Although Teimouri has faced challenges along the way, her approach is optimistic. “It’s not an option to fail,” she explained. “You keep going until you succeed; you just haven’t found the right way to do it yet.”
Shari Geldrich started as a stylist in a hair salon and then had a full career in business before opening Isle of You (say it out loud) Hair Color Studio. After years of success as a corporate trainer, Geldrich faced two rounds of downsizing and decided to go back to school rather than relocate for a new position with her employer.
After earning a marketing degree, Geldrich fell back on her original occupation. She opened a small salon to generate income while figuring out what to do next, and something unexpected happened. “I fell in love with doing hair again,” she said. “I realized how much I had missed the interaction with the clients.”
That salon proved just the beginning for Geldrich, who said taking steps to grow the business came intuitively. “The first big jumping off point was the move to a new studio. It doubled my overhead, and I hired new staff. Sometimes you just have to jump off the cliff,” she explained.
Five years in, she has built a client base that draws from well outside her salon in Lawrenceville, and she recently secured space for a second location to open in the Village at Pine in Wexford.
“I work with these amazing young people who are so talented. We have created a culture of support and teamwork. I want this business to be a place where staff has the best experience and the best outcome for them personally,” explained Geldrich.
Because her own experiences in corporate America were not always idyllic, Geldrich appreciates the autonomy that comes with being the boss. “Being able to define the experience I want my customers to have and being able to maintain my integrity are important to me,” she said.
“It’s not about why you can’t, but rather ‘How am I going to do it?’” she added. “Women tend to second guess themselves. We need to listen to the voice that says we can do it, the one that asks, ‘Why not me?’”
Jessica Graves founded Una Biologicals in 2007, after she realized that there was a gap in the availability of affordable organic skincare products. Graves had been making skincare items for friends and family in her kitchen in her spare time.
“I decided to open a business right as the market crashed,” Graves said. Consequently, she built her business slowly, selling products at farmers’ markets and allowing her customer base to grow as word spread.
Graves kept her full-time job while working two to three farmers’ markets per week and selling in the Strip District every Saturday. The day her husband said that Una Biologicals was taking over the house was a turning point, and the decision to rent space for production required a new level of commitment to the business.
Four years after incorporation, Graves took a calculated risk and quit her job in order to handle the growing demands of Una Biologicals. Bringing on part-time staff in 2013 was another pivotal decision. “There is a lot of adversity, and some scary days,” said Graves. “My day often starts at 5 a.m. and ends at midnight, and you have to be doing something you’re really passionate about to make that work.”

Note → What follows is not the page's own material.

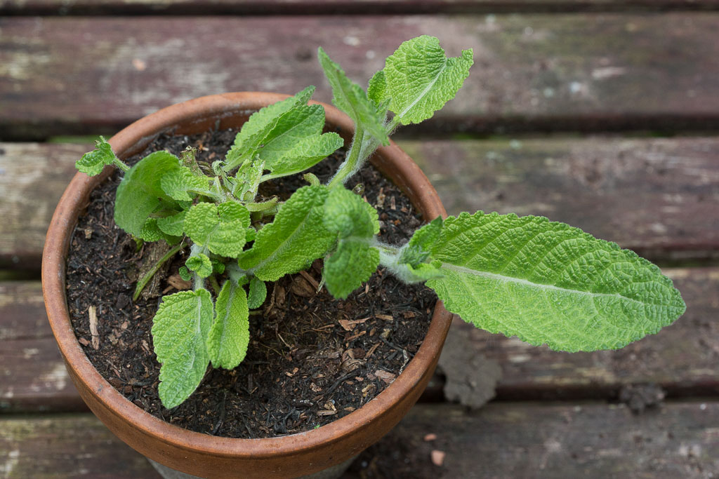 That sage that was gnawed nearly to death by slugs has re-emerged, now that it's in a pot on the patio table.

Graves’ products are now available in stores across the country and online. She opened her first retail boutique in Lawrenceville in November and
believes that success depends on hard work and self-confidence. “You have to know in your heart that you deserve success. For women, that’s not always a given,” she explained. Her faith in herself has paid off.
“I get to live my passion,” said Graves. “That’s huge.”
Defying the odds, Nardini, Teimouri, Geldrich and Graves have developed thriving businesses. Why do these women succeed where countless men and women have not? Said Graves, “It’s a decision to keep smiling and keep hustling, no matter what.”